#20 Retiring a good series


It's been a long year, and we're not even done yet. It only seems like the other day that my wife Denise and I were on the other side of Australia to see in the New Year, and now its September and the football season is suddenly coming to an end. It's made me stop and think of the term 'season'. Everything has a season, and every season has its turn. When it comes to drawing the metaphor between seasons and a book series, it's taken a rather ordinary year to realise when an extraordinary series has had its time. Let me elaborate.


After smiling for the photo by the driver's control stand aboard the Oliver Hill Railway on Rottnest Island off the coast of Fremantle in Western Australia, I headed off the next day for a week by the ocean near Margaret River to celebrate my wife 'putting up with me' for 25 years of marriage. We took the Australind train from Perth to Bunbury, hired a car, and spent the next week exploring the caves, wineries and even sought out some old railway stations to photograph for a future book. Three nights in Perth and the trip south to Bunbury had also given me enough material to put together another train tripping adventure.

Ready to depart Perth for Bunbury in the heat of an Australian summer!

Fast forward to July, and work on a fifth Train Tripping instalment hadn't progressed beyond the notes scribbled in my notebook. The same notebook that contained all the notes I had jotted down from my adventures by train around South East Queensland for another instalment in the series. Denise and I found ourselves heading south on short notice to visit her mother in country Victoria in the dead of winter. True to form, I somehow managed to find my way onto a train, and let me tell you... Shepparton at 6.28 am in the middle of a frigid winter's morning is a damn long way from the sunshine of Margaret River in the summertime!

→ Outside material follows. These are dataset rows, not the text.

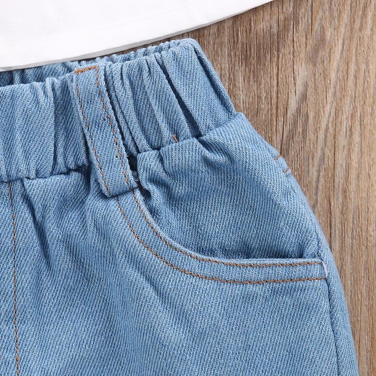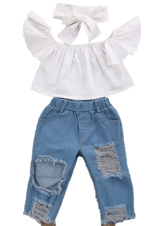 The set consists of a white t-shirt and blue ripped jeans, and it also comes with a fabric headband.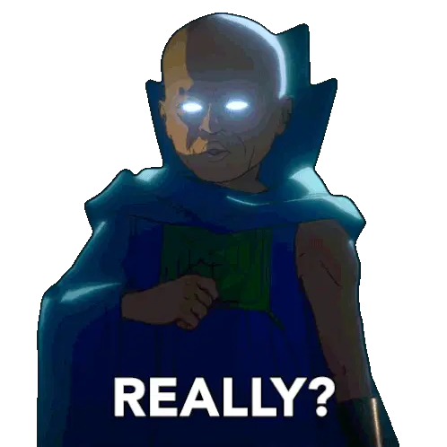 Steve Terreberry as Blippi with a quizzical expression, hands on hips, asking 'Really?' or 'Excuse me?'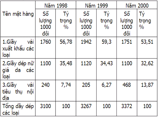 - Như vậy qua bảng sơ cấu xuất khẩu sản phẩm tại công ty Giầy Thuỵ Khuê chúng ta thấy hoạt động sản xuất của công ty tập trung xấp xỉ trên dưới 90% dành cho xuất khẩu và chỉ có khoảng 10% dành cho nội địa. Hoạt động sản xuất và kinh doanh tập trung chủ yếu vào giấy xuất khẩu chiếm khoảng 50% tỷ trọng trong các mặt hàng, trong khi giầy dép da xuất khẩu chiếm trên 30% tỷ trọng và chỉ có 10% cho giầy vải tiêu thụ nội địa.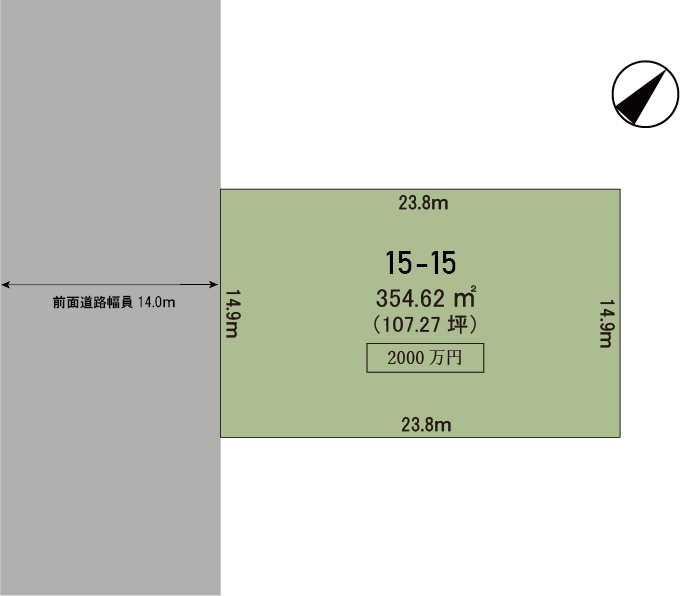 接道状況 | 南西14.0m幅員の公道に14.9m接する | ||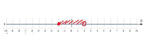 обьединяем решения в общее -2 <=x<2 ; х є [-2;2) (почему-то не могу поправить решение)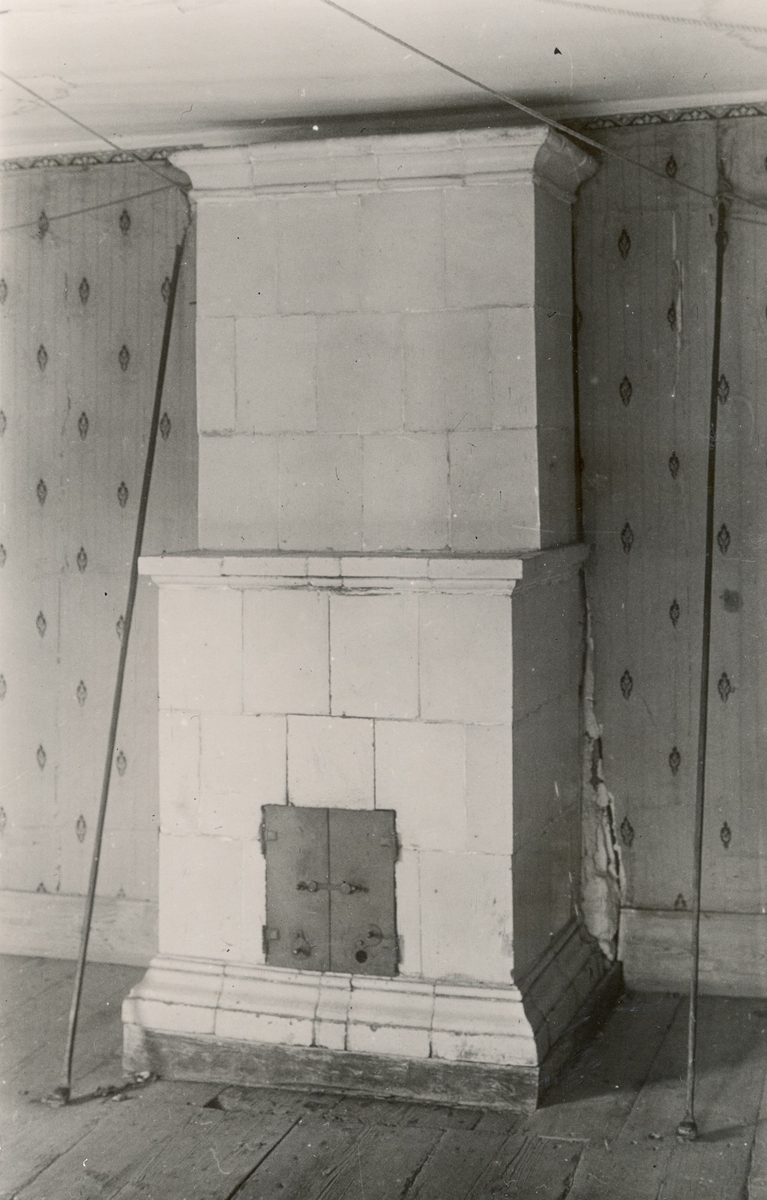 Kakelugn i nattstugan en trappa upp i gamla tvåvåningshuset.
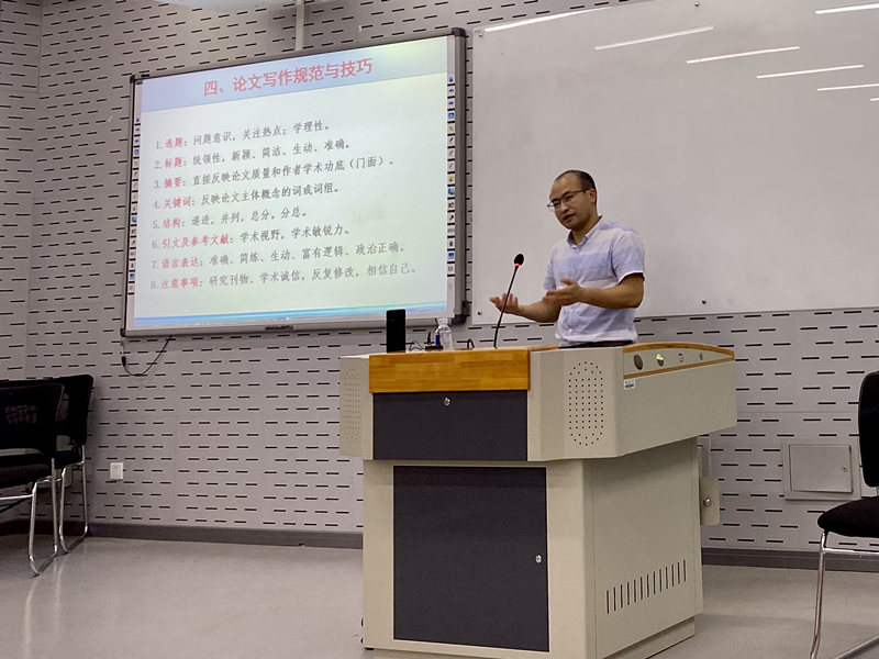 陈斌博士从什么是科研思维、为什么要有科研思维、如何培养科研思维、学术论文写作规范与技巧等方面进行了系统介绍。关于论文写作,陈博士从选题、标题、摘要、关键词、结构、引文与文献、语言表达、注意事项等方面做了深入剖析,并结合个人经历给出了务实中肯的建议。陈斌博士还分享了厦门大学教育研究院的学术惯例和典型经验,如持续了30多年的每周一上午举行的学术例会活动、任课教师为员工答疑释惑的office hour制度等。

Alone on a frigid winter's morning in Victoria, about to board another train.

Despite the first hour of the journey south to Melbourne being in total darkness, with notebook in hand I started scribbling my usual observations in the remaining few blank pages. Travelling in the darkness had its downside however. With nothing to see out of the window between the lights of slumbering country towns, I started looking through my notes from Perth and Bunbury, along with my trips around Brisbane and the Gold and Sunshine Coasts. Notes... fun facts... figures. Yet nothing that captivated me quite like the journey itself. In fact, the diesel locomotive hauled service from Shepparton that I was riding aboard was yet another example of a train that is slated to undergo change, with the ever popular Vlocity diesel multiple unit train sets set to replace it within the next 12 months. Just as happened to The Sunlander train that I rode on when I set out to write my first book in the series Train Tripping Coastal Queensland, changes were taking place around me faster than I could complete the next book in my series.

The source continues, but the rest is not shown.